Overview
The /v1/messages endpoint provides an Anthropic-compatible Messages API that seamlessly integrates with the Anthropic SDK while delivering Stratus world model predictions.
For Anthropic SDK users: Drop-in replacement - just change the base URL and API key.
Why Use This Endpoint?
Anthropic SDK Compatible Use official Anthropic SDK with Stratus predictions
Format Parity Full compatibility with Anthropic’s Messages API format
Streaming Support Server-sent events (SSE) streaming fully supported
Tools & Function Calling Complete tool use and function calling support
How It Works
Stratus internally converts between formats to deliver predictions:
Anthropic Request → OpenAI Format → Stratus World Model → OpenAI Format → Anthropic Response
This conversion is transparent - you don’t need to handle it. Just use the Anthropic SDK normally.
Authentication
Use your Stratus API key in the x-api-key header (Anthropic SDK convention):
import Anthropic from '@anthropic-ai/sdk' ;
const client = new Anthropic ({
baseURL: 'https://api.stratus.run' ,
apiKey: process . env . STRATUS_API_KEY , // stratus_sk_live_*
});
Basic Request
{
"model" : "stratus-x1ac-small-gpt-4o" ,
"max_tokens" : 1024 ,
"messages" : [
{
"role" : "user" ,
"content" : "What will happen if I click the login button?"
}
]
}
With System Prompt
{
"model" : "stratus-x1ac-small-gpt-4o" ,
"max_tokens" : 1024 ,
"system" : "You are analyzing a web application interface." ,
"messages" : [
{
"role" : "user" ,
"content" : "Describe the current state"
}
]
}
Parameters
Stratus model to use. See Models for the full list of 2,050+ combinations. Native examples: stratus-x1ac-small-gpt-4o, stratus-x1ac-base-claude-sonnet-4-20250514OpenRouter examples: stratus-x1ac-base-deepseek/deepseek-r1, stratus-x1ac-base-meta-llama/llama-3.3-70b-instruct
Array of message objects with role and content. Roles: user or assistant.

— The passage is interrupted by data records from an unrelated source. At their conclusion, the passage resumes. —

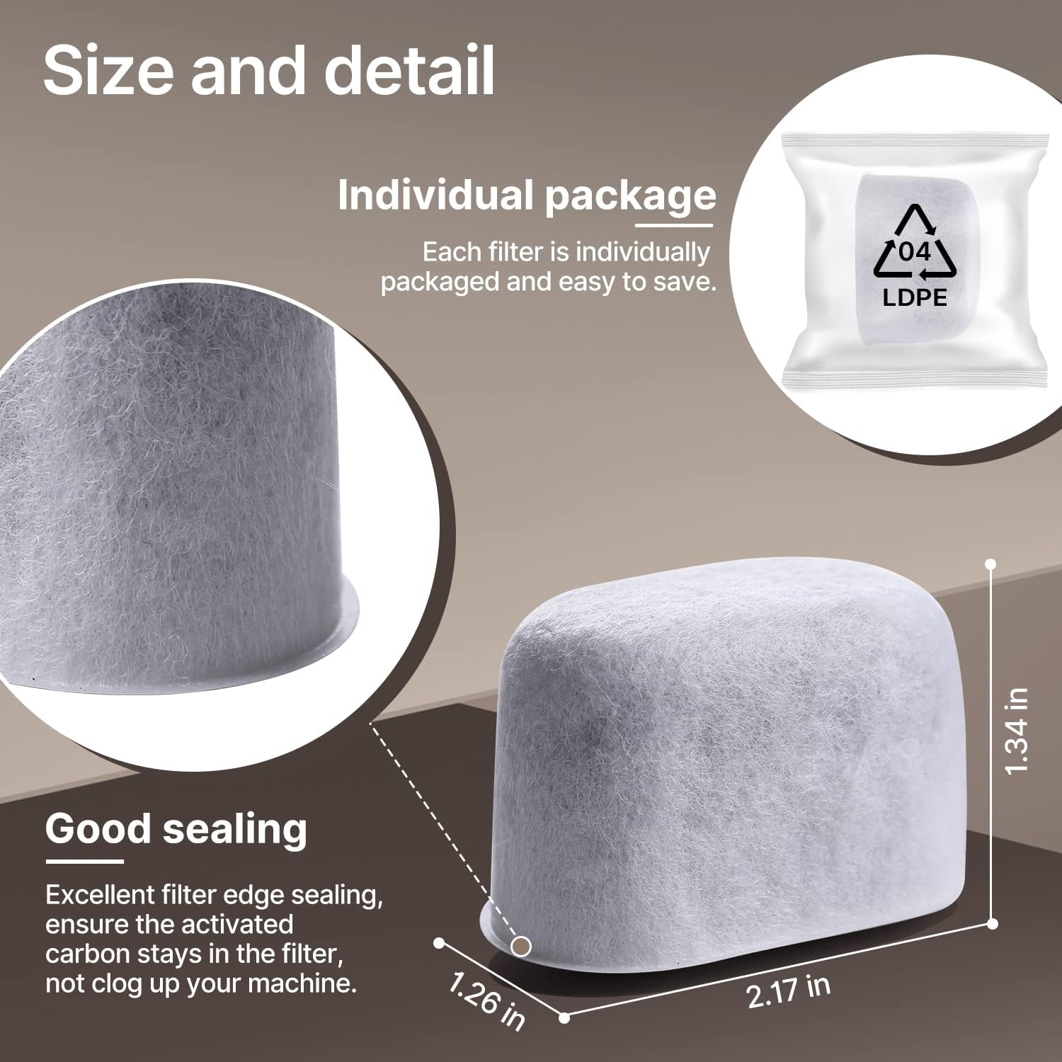 - Individually Sealed: Each filter is individually sealed for easy access and storage. Adopting an entirely new production process gives the filter excellent sealing performance. 100% ensures the charcoal stays in the filter and does not clog up your coffee machine.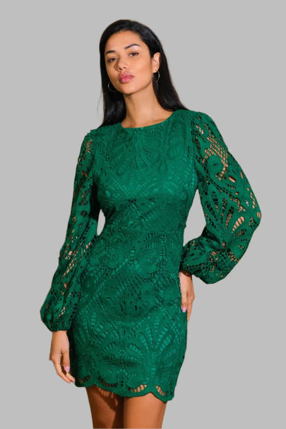 Made from custom-designed lace, the dress features delicate unlined lace trim at the waist and hem for a light, airy look. The body is fully lined for comfort and finished with a concealed back zipper for a smooth fit.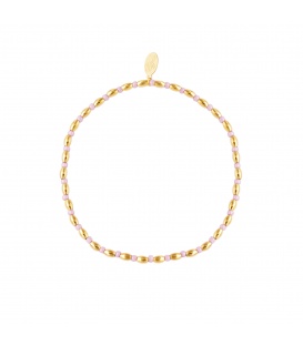 Zilverkleurige oorhangers met goudkleurig draad en roze kralen. De lengte van deze oorbel is circa 9 cm. Voor oren met gaatjes. De oorbellen zijn nikkelvrij. De oorbellen zijn voorzien van stoppertjes.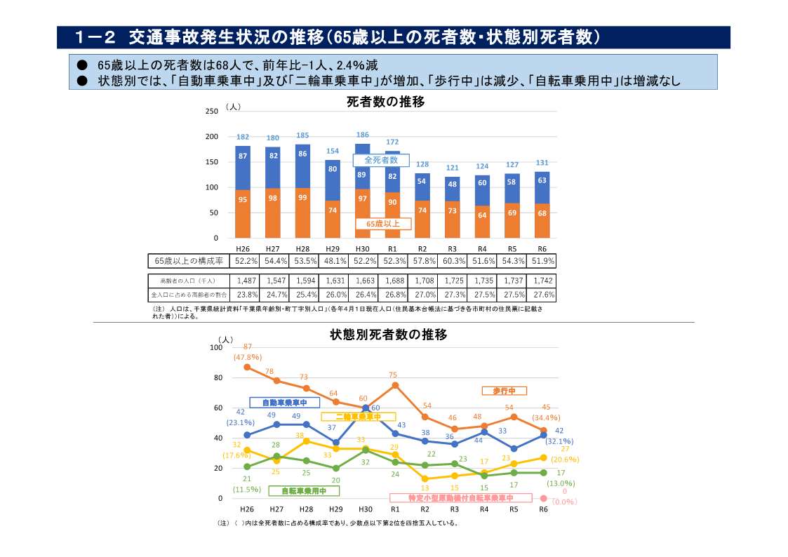 ・ 死者数:131人(同+4人)【内訳:子供2人、若者7人、その他54人、高齢者68人】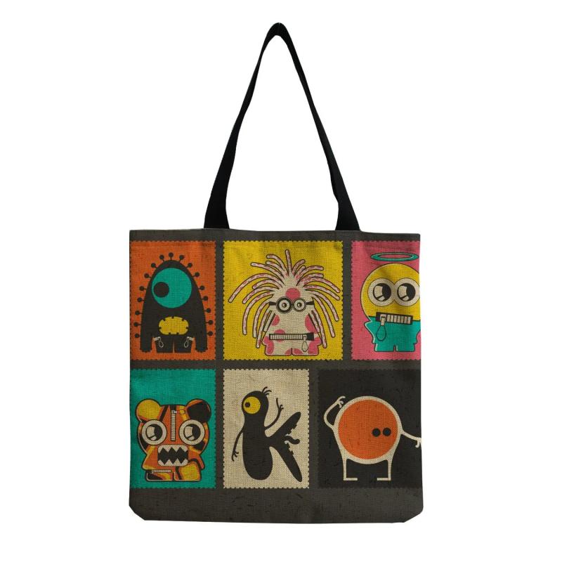 Monster Printed Tote Linen Travel Storage Handbag Women Shopping Bag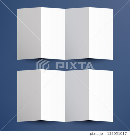 brochure mockup with two white 4 folded brochures on blue background, clean minimal design template for branding, marketing, and print presentation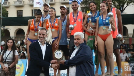 Τα ασημένια μετάλλια στις φιναλίστ του Thessaloniki Juniors Open Κυριακή Κουκουδίτσκα, Κατερίνα Λιόφτη έδωσαν ο πρόεδρος της Ε.ΠΕ.Σ.Θ. Νίκος Δατσέρης και ο υπεύθυνος του μπιτς βόλεϊ της Ε.ΠΕ.Σ.Θ. Γιώργος Γεωργιάδης.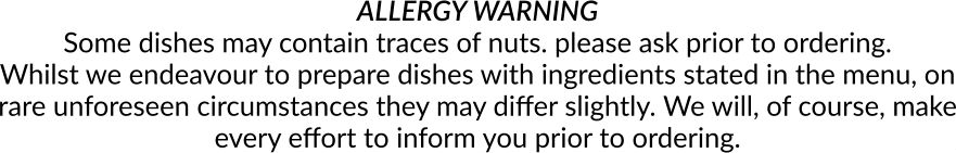 Dishes may contain nuts and other allergens. Please ask before ordering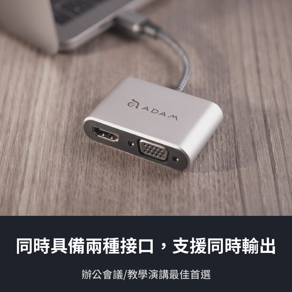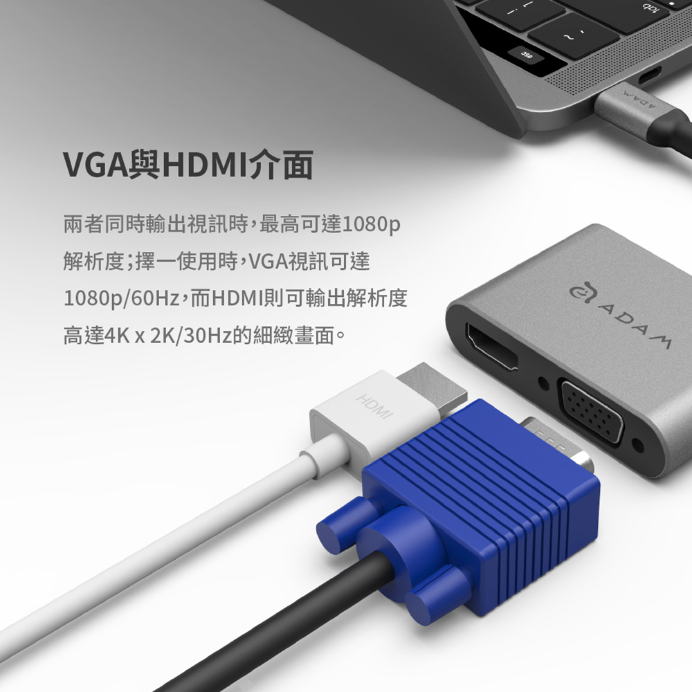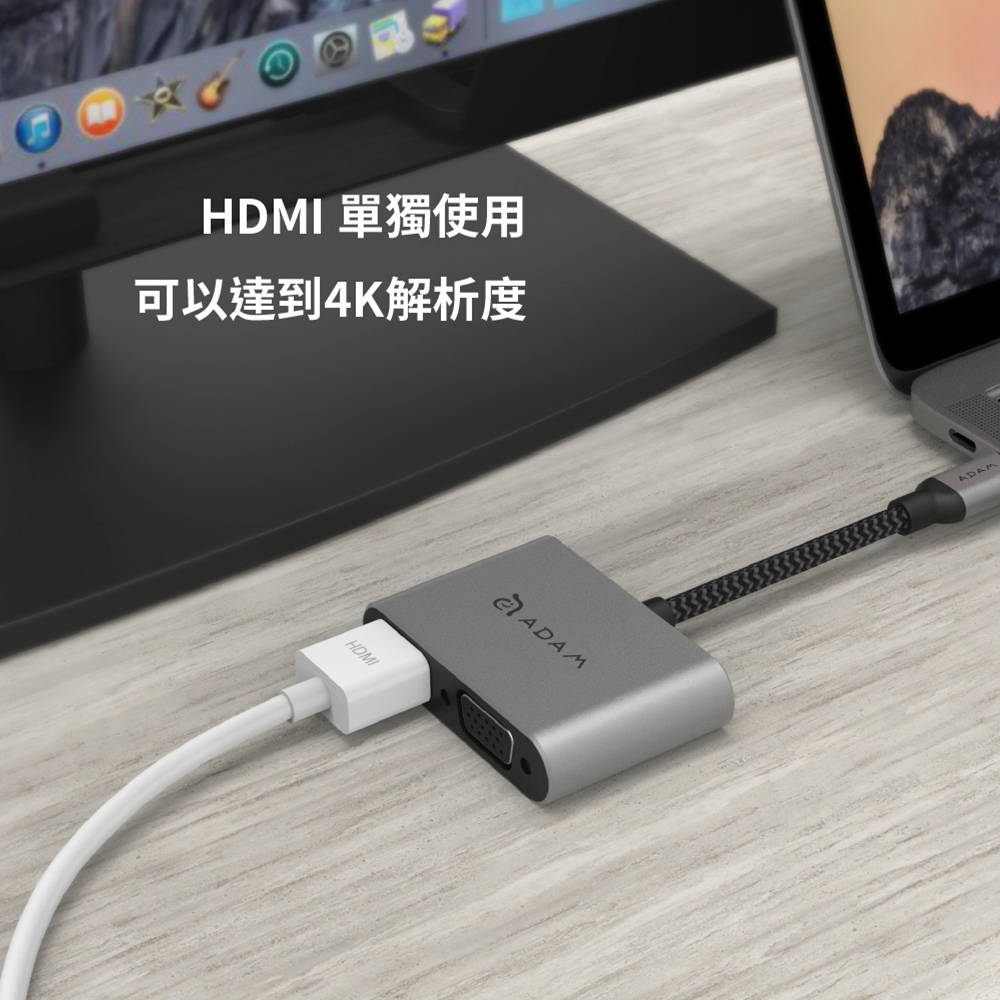 【亞果元素】Hub VH1 USB 3.1 Type-C 轉 VGA-HDMI 二合一顯示轉接器-灰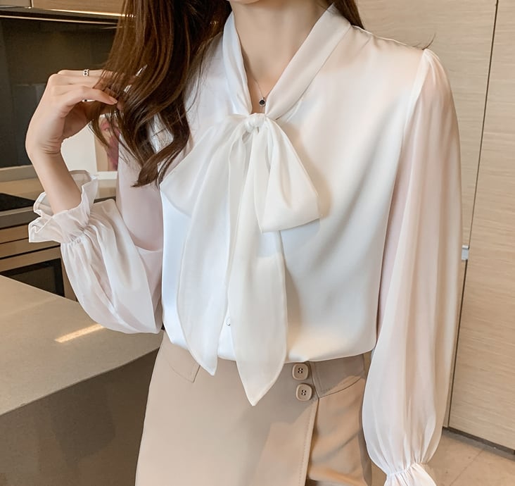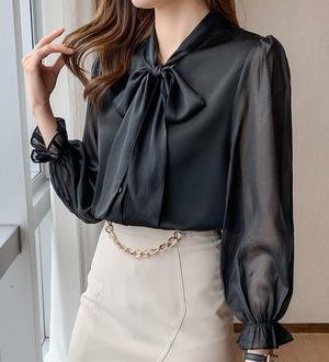大きいリボンが特徴的のきれいめブラウス。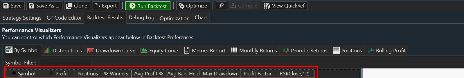 The By-Symbol Visualizer will add a column for each Indicator or TimeSeries that you plotted in the Strategy. To add more columns, you'll need to Plot them in the Strategy code.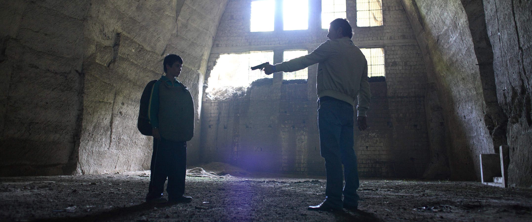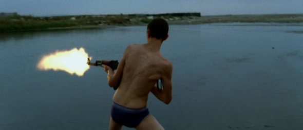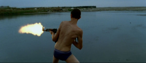 The duo’s discovery of a Camorra arms stash gives way to one of the film’s most indelible sequences in which the boys indulge in some impromptu assault rifle target practice, dressed only in tennis shoes and underwear, along the squalid muddy shore of a river that runs through town.

Maximum tokens to generate (1-4096). Note: Required in Anthropic format (unlike OpenAI).
System prompt (state description for Stratus world model predictions).
Sampling temperature (0.0-2.0). Higher = more random.
Nucleus sampling (0.0-1.0). Alternative to temperature.
Top-k sampling. Limits token selection to top k options.
Enable streaming responses via server-sent events (SSE).
Stop generation when any sequence is encountered.
Optional metadata for request tracking.
Tool selection strategy: auto, any, or specific tool.
Non-Streaming Response
{
"id" : "msg_01XYZ123" ,
"type" : "message" ,
"role" : "assistant" ,
"content" : [
{
"type" : "text" ,
"text" : "Clicking the login button will likely navigate you to the authentication page..."
}
],
"model" : "stratus-x1ac-small-gpt-4o" ,
"stop_reason" : "end_turn" ,
"stop_sequence" : null ,
"usage" : {
"input_tokens" : 24 ,
"output_tokens" : 156
}
}
Response Fields
Unique message identifier (format: msg_*)
Always "message" for complete responses
Always "assistant" for responses
Array of content blocks. Each block has type and content (e.g., text, tool_use)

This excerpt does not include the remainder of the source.